A scientific article co-authored by the doctoral student of Iliauni International Doctoral School was published in the highly-rated “Astrophysical Journal”
Salome Mchedlidze, a doctoral student at the Lehmann-Haupt International Doctoral School of Ilia State University and the University of Göttingen, together with her colleagues and with the supervision of Axel Brandenburg and Tinatin Kakhniashvili, Professors of Ilia State University, published the article in the highly-rated journal “Astrophysical Journal” entitled “Evolution of Primordial Magnetic Fields during Large Scale Structure Formation”, Mtchedlidze, S; Dominguez-Fernandez, P; Du, X; Brandenburg, A; Kahniashvili, T, et al. doi: 10.3847/1538-4357/ac5960 929, 127 (2022).
The article deals with the research of large-scale magnetic fields through cosmological simulations. Large-scale magnetic fields are magnetic fields, which are observed across galaxies and galaxy clusters, i.e., across much larger scales than of our nearest star, (also magnetized) the Sun.

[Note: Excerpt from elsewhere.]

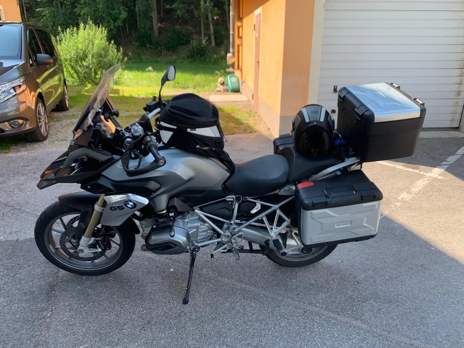 Thundergray-metallic, Komfort Paket, Dynamic Paket 2,Auspuffanlage verchromt, Diebstahlwarnanlage,schöner gebrauchter Zustand, Garagengepflegt, Navi Vorbereitung, incl. original BMW Kofferset, VB: 8500

The question of the origin of these magnetic fields is still unresolved. Recent observations have also shown that magnetic fields can exist in cosmic void as well, i.e., in the absence of matter.
Such observations have strengthened the pre-existing hypothesis about the origin of magnetic fields, namely that magnetic fields may have originated as a result of processes taking place in the early universe *, like the Cosmic Microwave Background (CMB). Magnetic fields generated in the early universe are also called Primordial Magnetic Fields. These are the ones studied by the authors in the above-mentioned work.

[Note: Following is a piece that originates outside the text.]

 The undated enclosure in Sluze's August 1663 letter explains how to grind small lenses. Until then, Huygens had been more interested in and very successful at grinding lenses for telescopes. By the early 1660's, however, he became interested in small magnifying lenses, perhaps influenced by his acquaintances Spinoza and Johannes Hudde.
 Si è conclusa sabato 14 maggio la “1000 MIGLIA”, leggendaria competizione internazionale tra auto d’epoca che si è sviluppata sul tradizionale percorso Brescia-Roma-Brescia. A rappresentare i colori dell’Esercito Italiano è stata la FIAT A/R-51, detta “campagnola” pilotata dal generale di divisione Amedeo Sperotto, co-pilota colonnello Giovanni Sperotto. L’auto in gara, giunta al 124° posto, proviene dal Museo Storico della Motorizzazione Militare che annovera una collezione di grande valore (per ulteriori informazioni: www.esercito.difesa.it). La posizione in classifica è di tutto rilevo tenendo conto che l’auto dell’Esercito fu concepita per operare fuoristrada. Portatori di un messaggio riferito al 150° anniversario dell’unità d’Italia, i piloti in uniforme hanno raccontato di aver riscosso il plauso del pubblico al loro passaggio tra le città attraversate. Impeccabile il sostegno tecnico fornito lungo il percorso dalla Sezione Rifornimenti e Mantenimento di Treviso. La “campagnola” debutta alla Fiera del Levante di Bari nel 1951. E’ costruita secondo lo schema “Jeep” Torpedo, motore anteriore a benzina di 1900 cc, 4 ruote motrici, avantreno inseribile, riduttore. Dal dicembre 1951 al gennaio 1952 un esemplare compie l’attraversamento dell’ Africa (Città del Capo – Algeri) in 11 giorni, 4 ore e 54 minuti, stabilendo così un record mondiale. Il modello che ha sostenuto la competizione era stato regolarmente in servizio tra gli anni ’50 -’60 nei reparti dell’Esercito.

The study of the Primordial Magnetic Fields is important because we can 'look' at different stages of the evolution of the universe. For example, primordial magnetic fields are often seen as the source of gravitational waves, and/or the accelerating factor of the reionization era of the universe. To recount the history of the origin of observable large-scale magnetic fields, it is necessary to study the evolution of magnetic fields. In this article, this topic is explored through numerical modeling and it is shown that information about the distribution of Primordial Magnetic Fields will be preserved in a large part of the universe and future observations (e.g., Square Kilometer Array; SKA) will make it possible to specify their generation mechanisms. Ascertaining generation mechanisms, in turn, will make it possible to understand the contribution of magnetic fields to the formation of today’s large-scale structure.
Ilia State University congratulates the doctoral student on this great success.